A certa altura da audiência com o meu supervisor e a
coordenadora de RH, percebi que a empresa não faria nada para
coibir condutas de assédio entre os membros da tripulação. Muito
pelo contrário, a companhia aérea preferiu colocar panos quentes.
Em outras palavras, se eu decidir levar adiante a acusação, serei
dispensada do serviço, até porque comissários de bordo são
facilmente substituídos, mas pilotos de aeronave —habilitados para
voar em grandes companhias comerciais — não são profissionais
que se encontram ali na esquina.
— Sinto muito mesmo, de verdade — a coordenadora
declarou, quebrando o silêncio momentâneo na sala. — Mas, a
companhia não pode demiti-lo, se baseando apenas em suposições
acerca de um fato isolado, Melissa.
— Em suma, é a sua palavra contra a dele — Otávio
acrescentou, fazendo um gesto vago com a mão. — Se me permite
dar um conselho, eu sugiro que lide com isso da melhor maneira
possível.
— A não ser, é claro, que consiga reunir provas ou
testemunhas, que confirmem a acusação de assédio — a mulher
ponderou, demonstrando sensibilidade. — Mas, pelo menos o
gestor que atua na coordenação da escala de voo garantiu que você
não será escalada para integrar a equipe dele novamente.

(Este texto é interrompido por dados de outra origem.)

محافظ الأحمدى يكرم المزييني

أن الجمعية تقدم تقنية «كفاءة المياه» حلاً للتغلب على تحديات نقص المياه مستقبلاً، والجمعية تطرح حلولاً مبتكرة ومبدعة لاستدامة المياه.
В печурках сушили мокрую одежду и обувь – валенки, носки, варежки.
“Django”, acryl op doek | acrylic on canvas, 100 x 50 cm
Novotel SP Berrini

— A minha alegação não foi o bastante para vocês? —
indaguei, exasperada, me levantando de um salto. — Eu tenho duas
testemunhas e embora não queiram se comprometer, elas são as
únicas que viram o estado deplorável em que eu me encontrava.

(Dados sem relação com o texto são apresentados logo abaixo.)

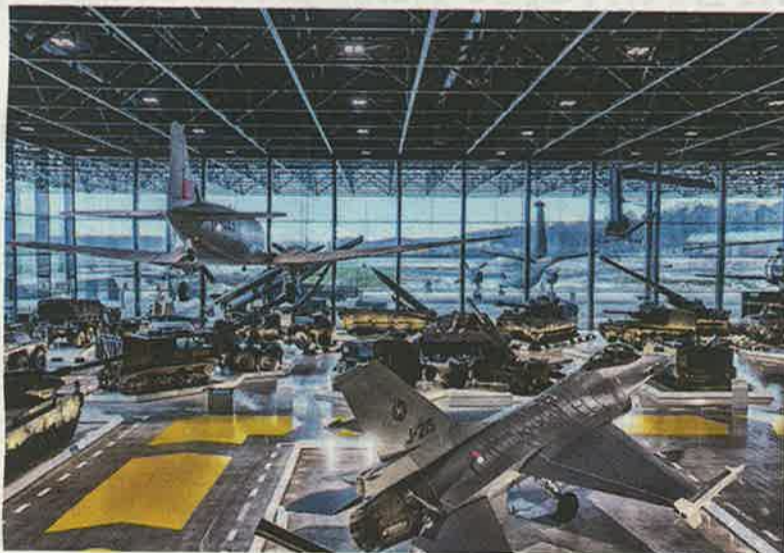
Door het ontbreken van kolommen kan de ruimte optimaal worden benut.

— O ônus da prova é de quem alega, ou seja, da própria
vítima — ela respondeu, baixando o olhar, impotente. — Mas até o
momento você não conseguiu comprovar nada.

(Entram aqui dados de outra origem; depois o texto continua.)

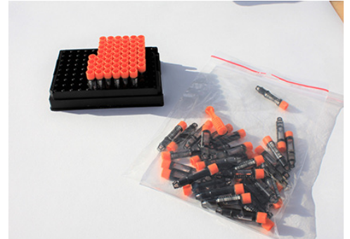
Innsending av prøverørene i en lynlåsepose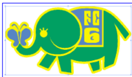
From bitmap data without path data

Cortar línea se pueden crear fácilmente de los datos de la imagen que no pudo ser creado hasta ahora.

O meu supervisor me dirigiu um olhar carregado de
desconfiança.
— Reforço a necessidade de não comentar o ocorrido com
ninguém, em respeito à privacidade do piloto, que conta com mais
de dez anos de empresa, e além disso, ele possui esposa e filhos.
A reputação daquele desgraçado vale mais do que a minha
segurança, dignidade e bem-estar, puta que pariu!
— Não sou eu quem está circulando boatos por aplicativos de
mensagens, expondo a minha imagem de forma leviana, Otávio.
Sendo assim, eu não tenho outra alternativa além de buscar os
meios legais de fazer justiça.
— Já tomamos conhecimento de que o seu nome foi parar na
AFA. Sinto muito.
AFA - Associação dos fofoqueiros da aviação. É o equivalente
a dizer que o meu nome foi parar na“rádio peão”.
Não pretendia ficar nem mais um minuto naquela sala. Engoli
em seco, tentando eliminar o nó na garganta, ao pegar a bolsa em
cima da cadeira e virei as costas, sentindo as lágrimas descerem
pelo rosto, mas tratei logo de enxugá-las, com um gesto brusco.
— Espero que reflita bem e considere tirar a denúncia que fez
contra o Com. Ricardo Tosta — o supervisor comentou,
casualmente, quando eu já estava prestes a abrir a porta. — Você
ainda pretende se tornar Chefe de Cabine, certo?
Havia um tom de ameaça velada na voz dele, que não me
passou despercebido.
— Mas eu já comecei a frequentar o curso de formação para
chefes de cabine... — respondi, piscando por um momento,
visivelmente aturdida.
— Honestamente, a diretoria já não tem tanta certeza de que
você ainda está apta para assumir o cargo... — Otávio ponderou,
em tom de incerteza.
— Cometi o erro de faltar alguns dias, mas não podem
considerar o período da licença de curto prazo a que eu tive direito.
— Compreendo perfeitamente, mas a decisão final será
tomada nos próximos dias.
— É compreensível, mas ainda assim, as faltas foram incluídas
no seu arquivo.
Achei nítida a tentativa de perseguição dos gestores, desde
que eu voltei a trabalhar nos últimos dias. Além da minha escala ter
sofrido alterações, com o pessoal me acionando repentinamente
para fazer quatro pernas[3] de ponte aérea (RJ-SP), a coordenação
também fez algumas modificações nas chaves subsequentes feitas
no sistema.
Assumir a ponte aérea é um pesadelo na vida de qualquer
comissário de bordo. Além de ser muito cansativo, a tripulação mal
consegue tirar um intervalo para se alimentar.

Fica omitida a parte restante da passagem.